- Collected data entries
== Segment start ==

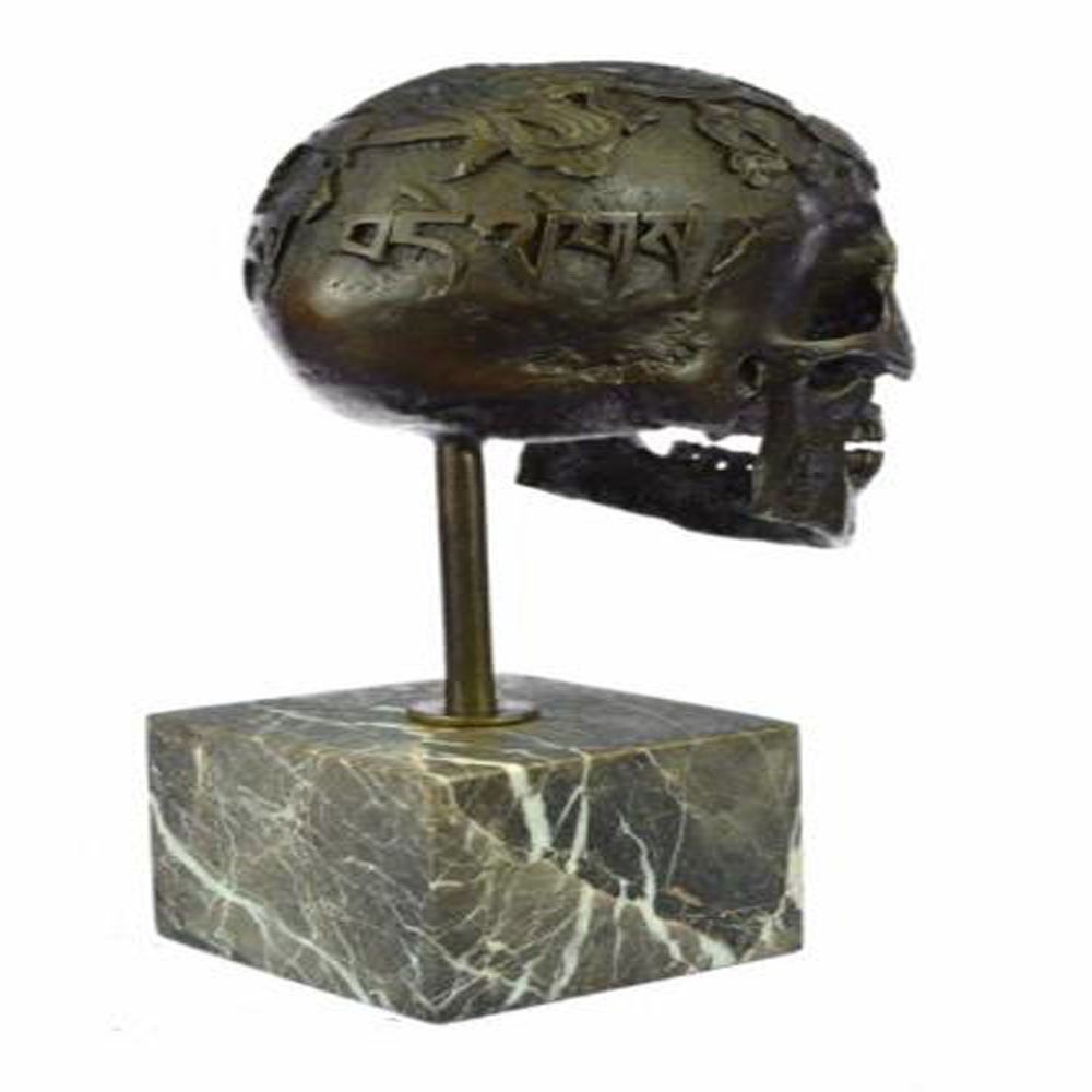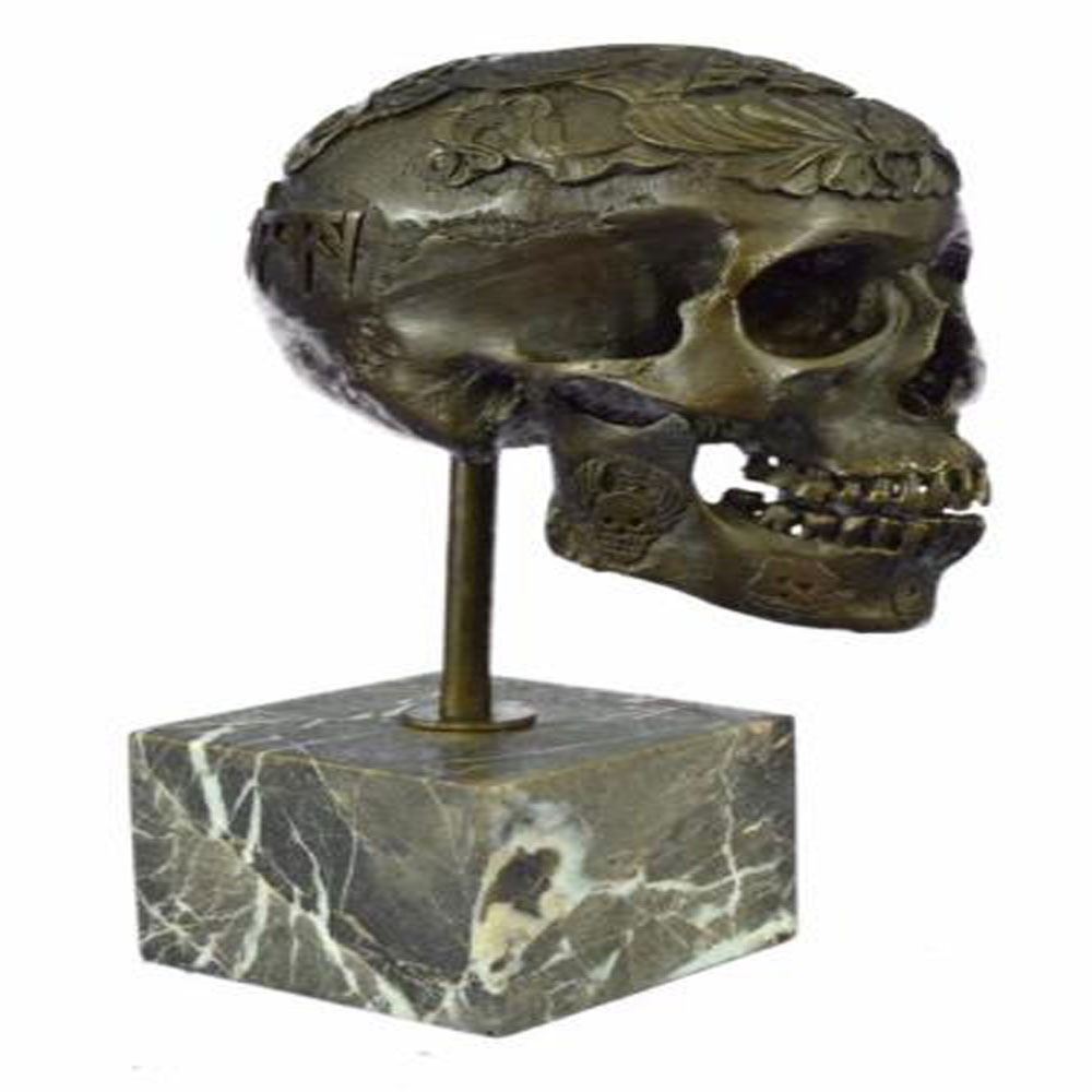 This is the most creepiest yet most interesting at the same time sculpture. For the people that love Halloween or simply find weird and unique things beautiful this one is for you guys. I guess they say you don’t have to be gorgeous to be beautifully nice, with a piece of art like this one you will start a conversation up with anyone. This skeleton it casted using the ancient old Lost Wax Method stained in a resin off white or gray patina. This sculpture is mounted atop a marble base. Bronze Dimensions with Marble Base: Height 14 X Width 10 Inches. Weight: 12 LBS.
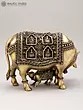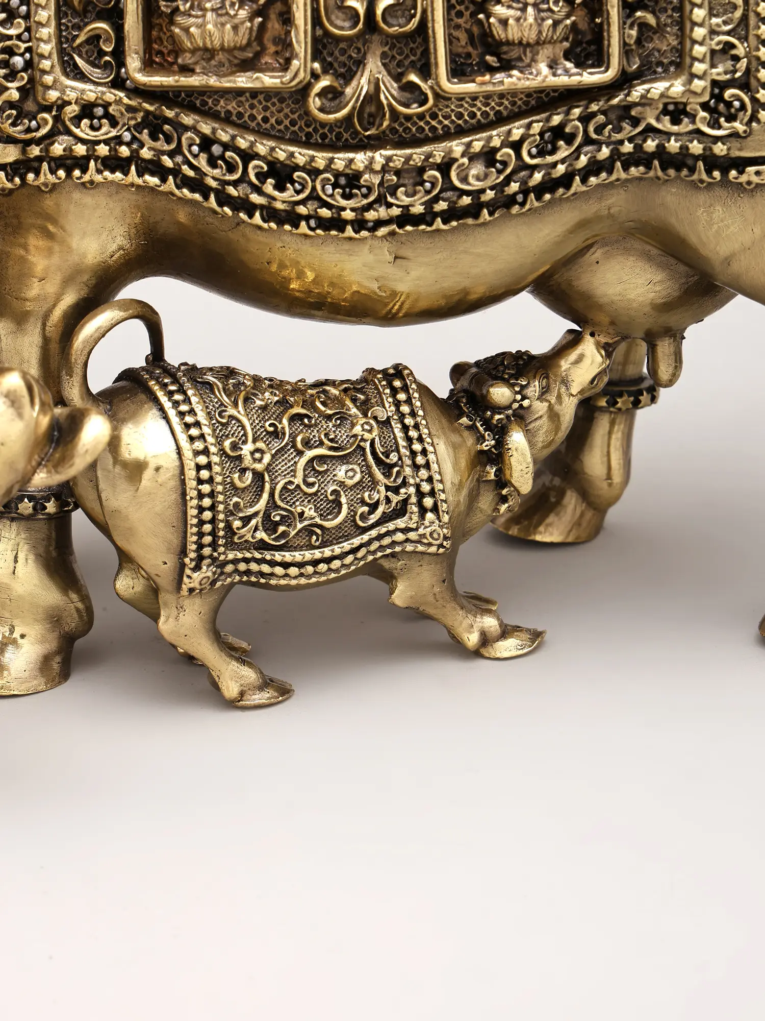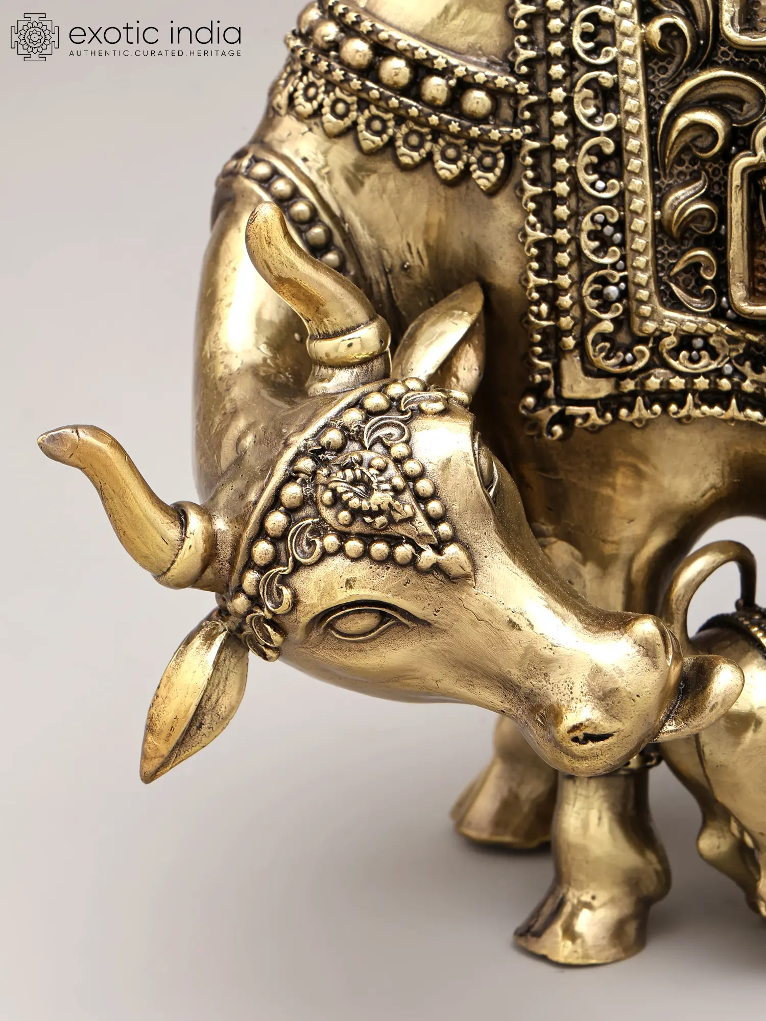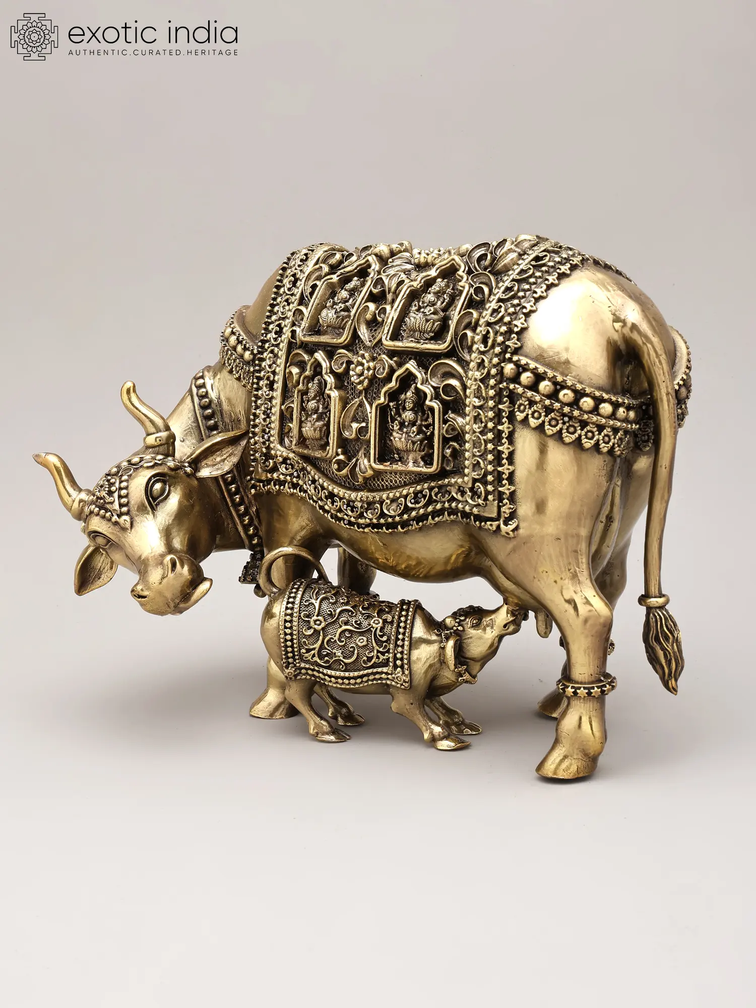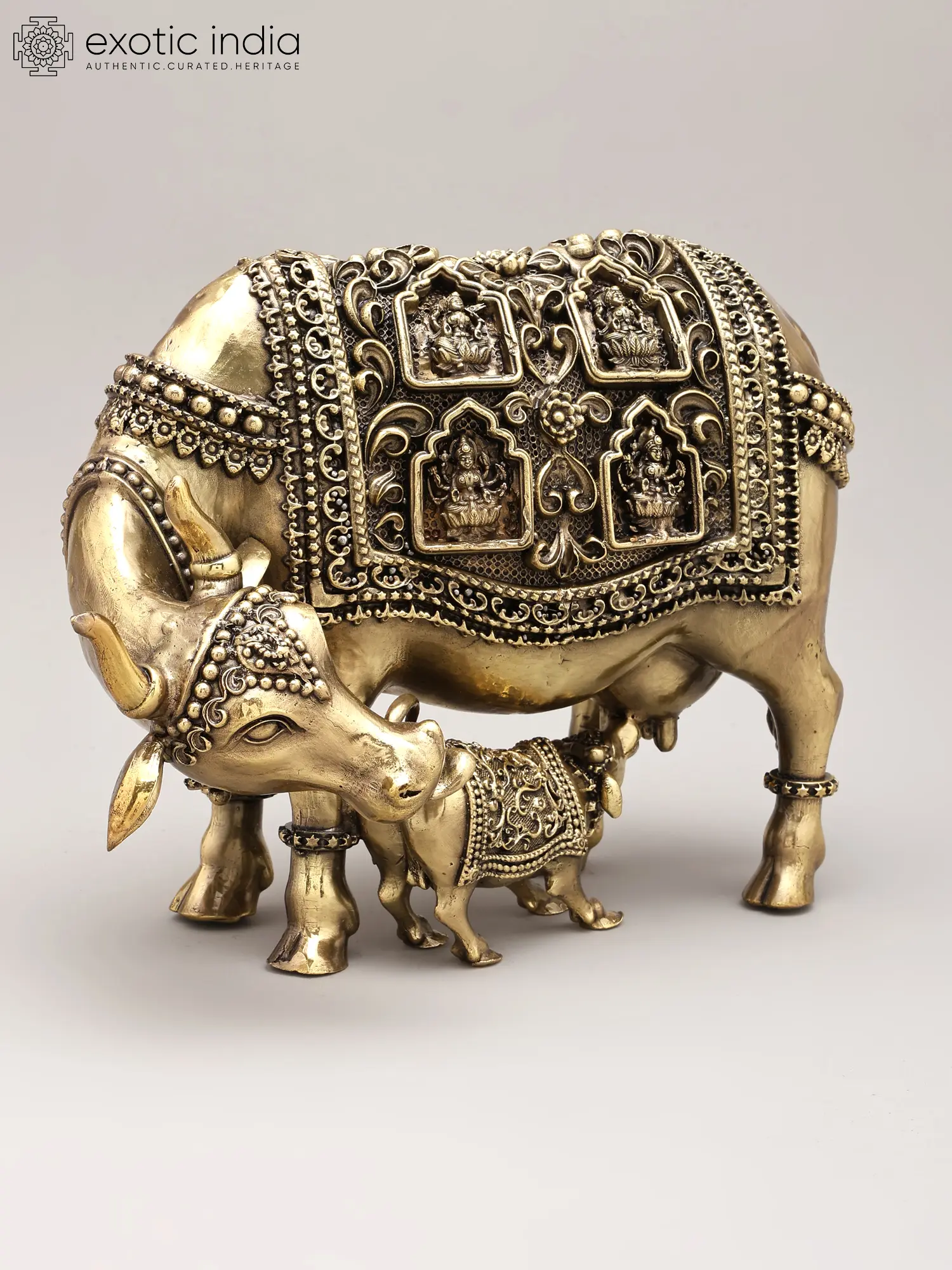 6" Small Superfine Cow and Calf with Ganesha Lakshmi Carving | Brass Statue with Inlay Work
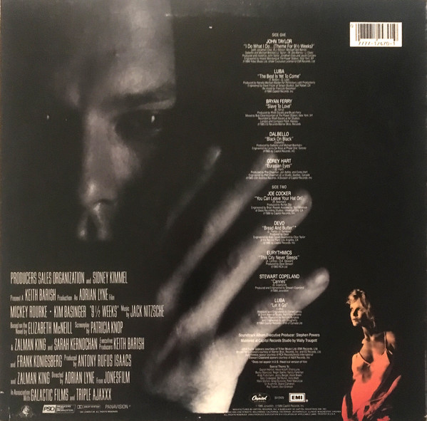 This version was released on a black Capitol label with a rainbow rim. 9½ Weeks - Original Motion Picture Soundtrack is on purple labels. Barcode: 077771247019 (Scanned) Barcode: 0 7777-12470-1 (Text) Pressing Plant ID: E A S T (Embossed, B side label around spindle hole) Rights Society: ASCAP Rights Society: PRS Rights Society: BMI Rights Society: CAPAC Matrix / Runout: SV-1-12470 (Side A label) Matrix / Runout: SV-2-12470 (Side B label) Matrix / Runout: SV-1-12470 F-3 [Allied 'a' logo] B-22621-F3 △11589 MASTERED BY CAPITOL Wally 1-2 SP0-1 AL-SP (Side A runout - var 1) Matrix / Runout: SV-2-12470 F-3 [Allied 'a' logo] B-22622-F3 △11589-X MASTERED BY CAPITOL Wally 1-2 SP0-1 AL-SP (Side B runout - var 1)
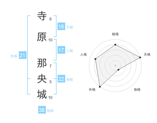 寺原 那央城さんの外格は21画の5点!
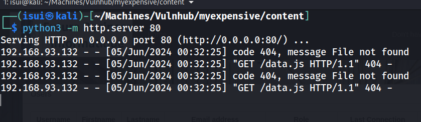 Para validar que este tipo de ataque, es posible, dede la máquina del atacante, se levanta un servidor http, con python, que deberia registrar los intentos solicitudes para cargar el recurso data.js.
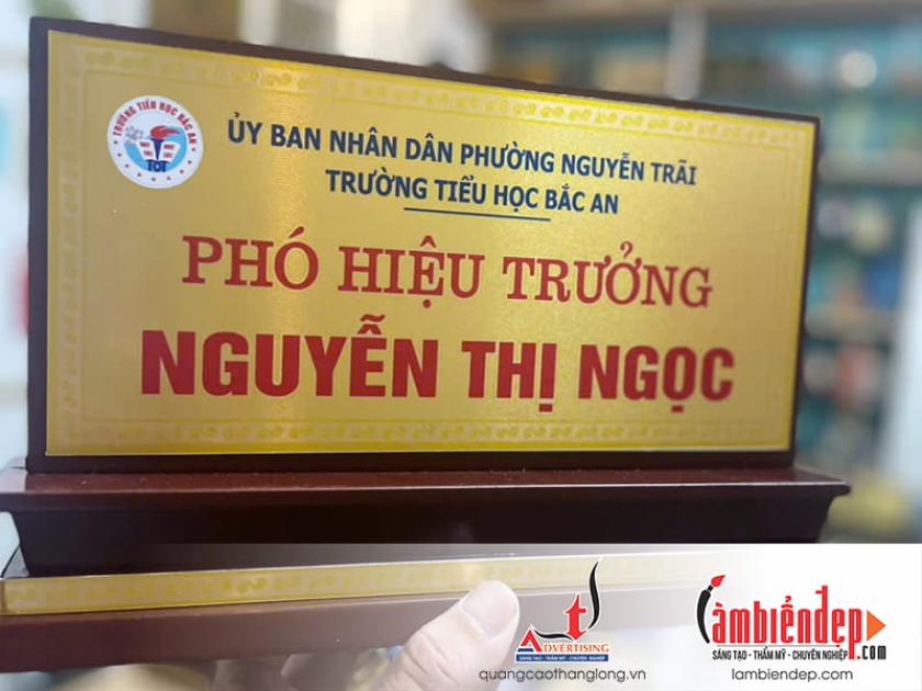 Một tấm biển chức danh sắc nét, sáng bóng đặt trên bàn làm việc không chỉ cung cấp thông tin, đó còn thể hiện phong thái của người lãnh đạo. Chúng tôi cung cấp đầy đủ từ dòng Mica kẹp thay tên tiện lợi đến các dòng gỗ đồng cao cấp lấy ngay.
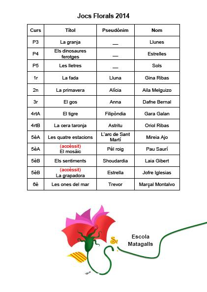 - Dimecres 30 d’abril, fem la cloenda dels JOCS FLORALS de l’escola. Els guanyadors d’enguany han estat:

== Segment end ==

- YOUR GOAL
Give the lines exactly, from the first line of the entries to the line with "with Inlay Work", both ends included. Skip the pictures.

- TASK ANSWER
 This is the most creepiest yet most interesting at the same time sculpture. For the people that love Halloween or simply find weird and unique things beautiful this one is for you guys. I guess they say you don’t have to be gorgeous to be beautifully nice, with a piece of art like this one you will start a conversation up with anyone. This skeleton it casted using the ancient old Lost Wax Method stained in a resin off white or gray patina. This sculpture is mounted atop a marble base. Bronze Dimensions with Marble Base: Height 14 X Width 10 Inches. Weight: 12 LBS.
 6" Small Superfine Cow and Calf with Ganesha Lakshmi Carving | Brass Statue with Inlay Work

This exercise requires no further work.